Ok, so for a) why the size of vmlinux.h is a big factor? You use it on
host machine during compilation only, after that you don't have to
distribute it anywhere. I just checked the size of vmlinux.h we use to
write BPF programs for production, it's at 2.5MB. Having even few of
those (if you need x86 + ARM32 + ARM64 + s390x + whatever) isn't a big
deal, IMO, you can just check them in into your source control system?
If the size is a concern, I'd be curious to hear why.

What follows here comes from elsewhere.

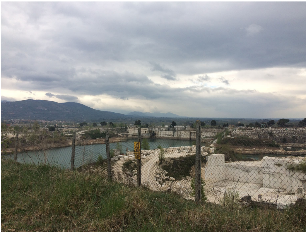
Le cave di travertino viste dal tracciato dell'Acqua Marcia, Tivoli, 2019.

Questa scomposizione avverrà attraverso le individuazioni di sistemi (naturali e antropici) che verranno studiati attraverso elaborati cartografici. Il tutto al fine di definire l'origine, la storia, le componenti materiali e immateriali che hanno strutturato il vasto territorio a est di Roma.

b) Hm.. how often do you intend to re-geneate them? Unless you are
using some bleeding-edge and volatile features of kernel and/or
compiled-in drivers, you shouldn't need to re-generate it all that
often. Maybe once every kernel release, maybe even less frequently. We
update those vmlinux.h only when there is some new set of features
(e.g., bpf_iter) added and we need those types, or when we get a new
major kernel version bump. So far so good. But your constraints might
differ, so I'd like to learn more.

c) I addressed in another reply. BTF dumper in libbpf maintains a list
of types that are compiler-provided and avoid generating types for
them, assuming compiler will have them. So far we've handled it simply
for __builtin_va_list, we can probably do something like that here as
well?

>
> Given various issues we have encountered so far (among which is a kernel
> panic/crash on a specific device), additional input and feedback
> regarding cross-compilation of the eBPF utilities would be greatly
> appreciated.
>

Please report the panic with more details separately. If you are
referring to cross-compiling libbpf-tools in BCC repo, we can play
with that, generate a separate vmlinux.<arch>.h. It's a bit hard for
me to test as I don't have easy access to anything beyond x86-64, so
some help from other folks would be very appreciated.

> [0]
> https://facebookmicrosites.github.io/bpf/blog/2020/02/19/bpf-portability-and-co-re.html
> [1] https://github.com/iovisor/bcc/tree/master/libbpf-tools
>
> Best regards,
>
> Sartura eBPF Team